Lane at Vernonnet (1912–14), Pierre Bonnard. National Galleries of Scotland, Edinburgh

Marthe’s presence is felt throughout. She appears in the margins of domestic interiors, her reflection caught in a pane of glass, or dwarfed by plantlife as she works in the garden. She’s slight, feline, a little evasive, and used to being observed. Bonnard’s paintings capture the tenor of their domestic life – the couple lived together for 30 years before marrying in 1925, provoking Bonnard’s lover, Renée Monchaty, to kill herself – and the central role played by Marthe’s illness. The frequency with which he painted her bathing – stooping over a tub as in Nude Crouching in the Tub (1918), or with her body submerged underwater – is now considered evidence for hydrotherapy, a daily water ritual to ease her various physical complaints. The Bath (1925) was the first of four paintings Bonnard would complete over 20 years that show Marthe’s elongated body. She’s neither erotic nor obviously ill; instead, the viewer is drawn to the ordinariness of her form, her shapeless purplish legs, her small belly and breasts, her preoccupied expression. It’s an intimate moment, yet the painting’s composition is stark, the white bath beneath a row of tiles reducing the painting to bands of colour, of which Marthe’s body is one. Elsewhere, Bonnard defamiliarises Marthe’s bathroom – the ‘one luxury’ she requested when the couple moved to Le Cannet in the south of France – so that it becomes a neutral and medicinal space. In In the Bathroom (c. 1940), Marthe’s toiletries become abstracted lozenges of colour, a collection of Bonnard’s scumbling paint marks.
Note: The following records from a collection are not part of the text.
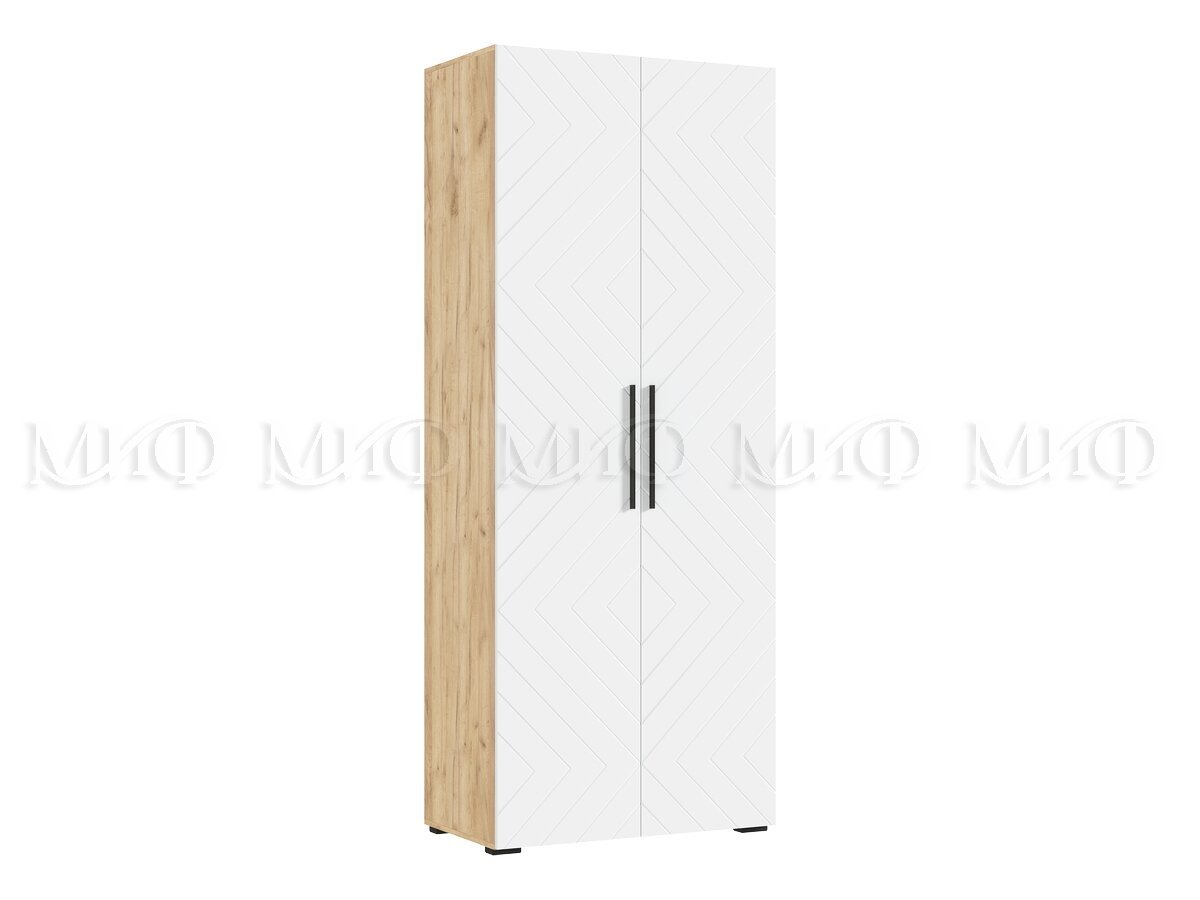 - Шкаф двухстворчатый (900) Флэш Браш Вайт, Дуб Крафт
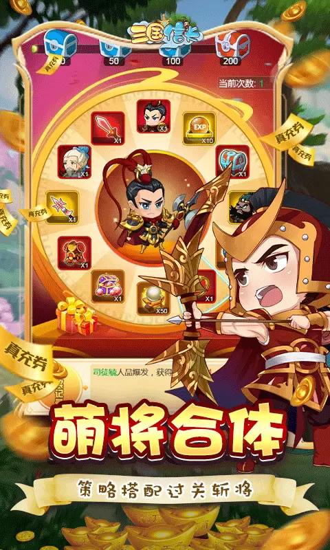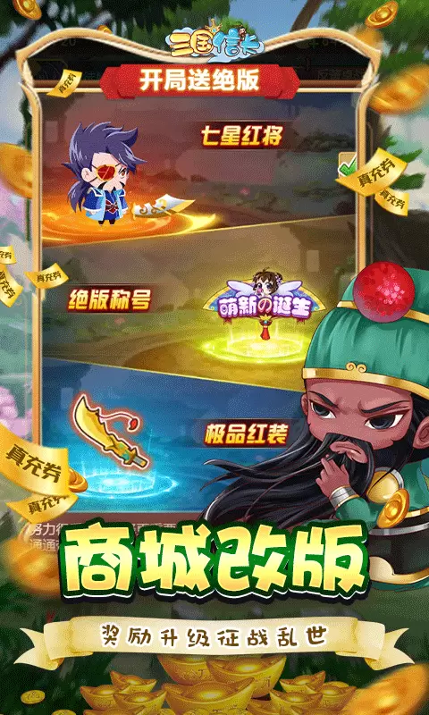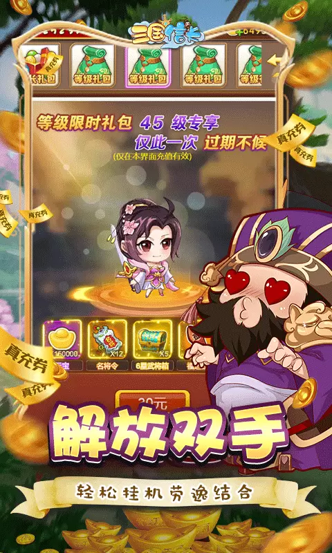 5、创角好礼来,毕业礼包直接送,关羽、诸葛亮、大乔、曹操、周瑜、吕布、貂蝉等各种毕业神将点击领取(有等级使用限制,100级可全部领取),7星武将箱、7星装备箱,充值券(不激活线下返利活动)也是各种送,领到就是赚到哦!
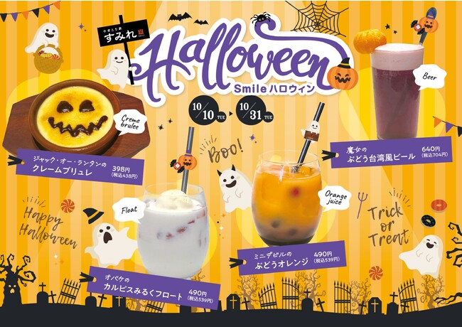 株式会社すみれ(所在地:東京都渋谷区/代表取締役:湯澤忠則)が運営する「やきとり家すみれ」は子供もから大人まで楽しめる「smileハロウィンキャンペーン」を2023年10月10日(火)から10月31日(火)まで、全店舗にて開催します。「ジャック・オー・ランタンのクレームブリュレ」や「オバケのカルピスみるくフロート」などのハロウィン限定のスイーツ&ドリンクを提供の他、小学生以下のお子様には「トリック・オア・トリート」の合言葉でお菓子をプレゼントします。

Nude Crouching in the Tub (1918), Pierre Bonnard.

Nude Crouching in the Tub (1918), Pierre Bonnard. Photo: Musée d’Orsay, Dist. RMN-Grand Palais/Patrice Schmidt

Marthe is liveliest in motion. A series of small photographs, taken in 1900, show her naked in the garden at Montval, standing beside a chair, crouching in long grass, stooping beneath trees. Bonnard’s interest in photography informed his study of the female form; studying Marthe through a lens, he was able to replicate the casualness of her movements. The paintings in which she is dressing, such as Nude Against the Light (c. 1908), show the physical assertiveness of her younger body, the purposefulness and pleasure of her daily routine. Behind her, the room’s surfaces fizz into ribbons of blue, green and yellow. Certainly, Bonnard let himself be carried away by colour, and sacrificed form to it, too. But he also understood it as a sensory experience, and a way of apprehending the world.

‘Pierre Bonnard: The Colour of Memory’ is at Tate Modern, London, until 6 May.